When you analyze data it’s often that you will end up with many steps at the right hand side. And when you come back to this analysis after a while it can be hard to remember what you did and why you did.

And of course, this can become even worse when you collaborate with others by sharing EDF files, which includes all the steps to reproduce the data, because those steps are not necessarily self-explanatory.

This is why we are adding ‘Annotating Steps’ feature. As the name indicates, you can set the title text for each step and type annotation text as notes. Adding the annotation is super simple. When you mouse over on any steps you will see this ‘comment’ looking icon.

Simply clicking on it will open a dialog where you can type both the title and the annotation text.

When you see the green colored annotation icon you can simply mouse over on it, which will show the annotation text.

Performance Improvements

As some of you know, we have been working on the performance improvements over the last few releases. In this release, we have reviewed Summary, Table, and Chart view rendering areas and did a lot of fine-tunes. The result turns out to be pretty good, or at least that’s how I’m feeling it now. You will notice the improvements especially when you move between the data transformation steps (the right-hand side), between the views (Summary, Table, and Chart), between the chart tabs, and between the data frames.

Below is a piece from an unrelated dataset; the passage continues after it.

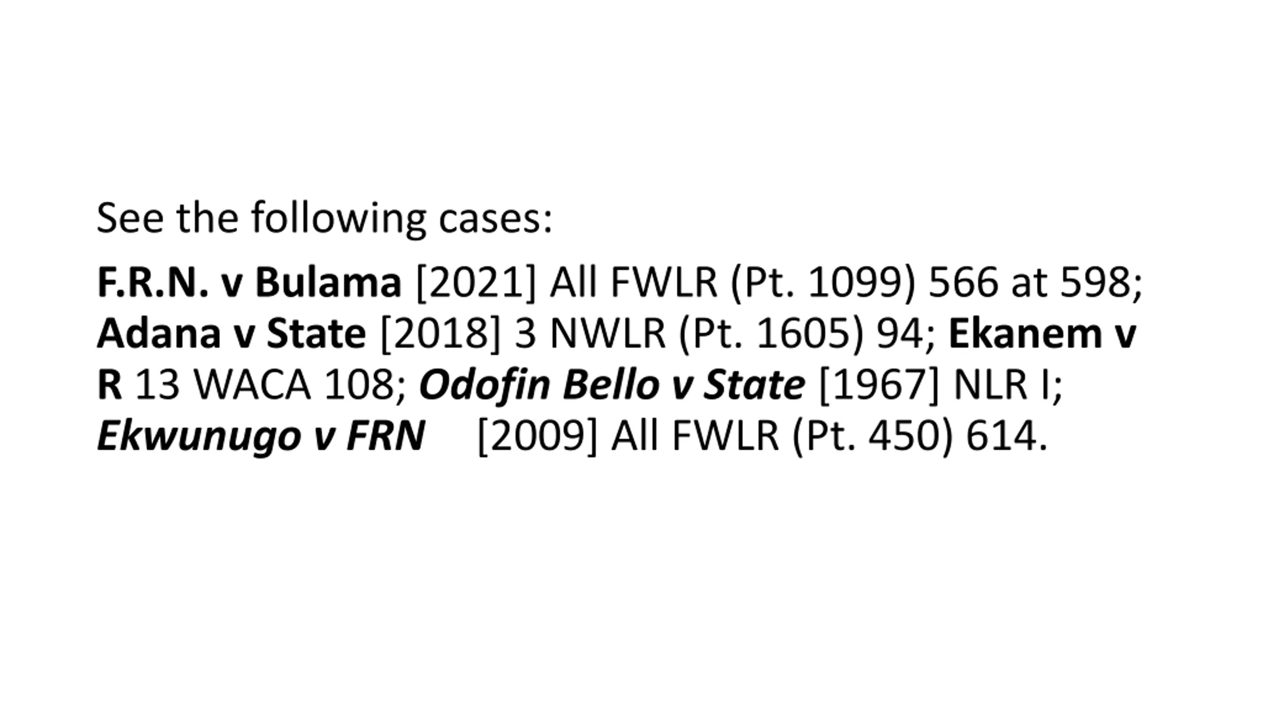 See the following cases: F.R.N. v Bulama [2021] All FWLR (Pt. 1099) 566 at 598; Adana v State [2018] 3 NWLR (Pt. 1605) 94; Ekanem v R 13 WACA 108; Odofin Bello v State [1967] NLR I; Ekwunugo v FRN [2009] All FWLR (Pt. 450) 614.

Being able to move between these views quickly makes you want to explore your data more, or at least it won’t stop you from being experimental when analyzing data. Which is very important for us because at the end of the day we want Exploratory to provide the best exploratory data analysis environment! 💪

Pivot Table Enhancements

We have made a few enhancements for the Pivot Table.

Multiple Measures Support

Finally, you can add multiple measure columns (Value) into Pivot Table. 😎

And the ‘% of Total’ calculation is supported for each measure, which means you can show the original values of one measure column and the % of Total values of the same column next to each other!

Group Level Color

When you have multiple columns in Row, then you might want to apply the color scale at the group level instead of each row or column level. Now you can select ‘Row (Group Level)’ for Color Scale setting.

Here are some differences.

This is when I set ‘All’ to Color Scale. We can see high numbers are shown with Red color in Japan and United States. No cells in the UK are not highlighted with Red color because the numbers in the UK are much lower than the other two countries in general.

Now, when I set it to ‘Row (Detail)’, then we can see a lot of the red colored cells. This is because the color is scaled for each row. This is convenient if you want to see what are the top values for each group at the detail level, in this case, that is ‘source’ column.

But it would be more useful if we can find out which groups have higher values in each country. This is when you want to set the Color Scale to ‘Row (Group Level).

Here, we can see ‘t.co (Twitter)’, ‘quora.com (Quora)’, and ‘github.com (Github)’ are the top sources in the UK. Something that could not have been obvious with the other two configurations.

% of Total at Row Group Level

The Row Group Level is also supported for ‘% of Total’ calculation.

Export Pivot Table Data

Now you can directly export the data presented in Pivot Table in a series of formats like CSV, JSON (more on this later), Clipboard, and EDF.

Other Enhancements

We have also managed to deliver a bunch of other incremental enhancements. Here are some of them worth mentioning.

Separating a Single Column to Multiples by the Position

Not only by setting a separating character, you can also specify the position(s) to separate the text.

Here, I’m trying to separate the departure time data into the hour and the minute by separating the first two digits and the last two digits into two separate columns.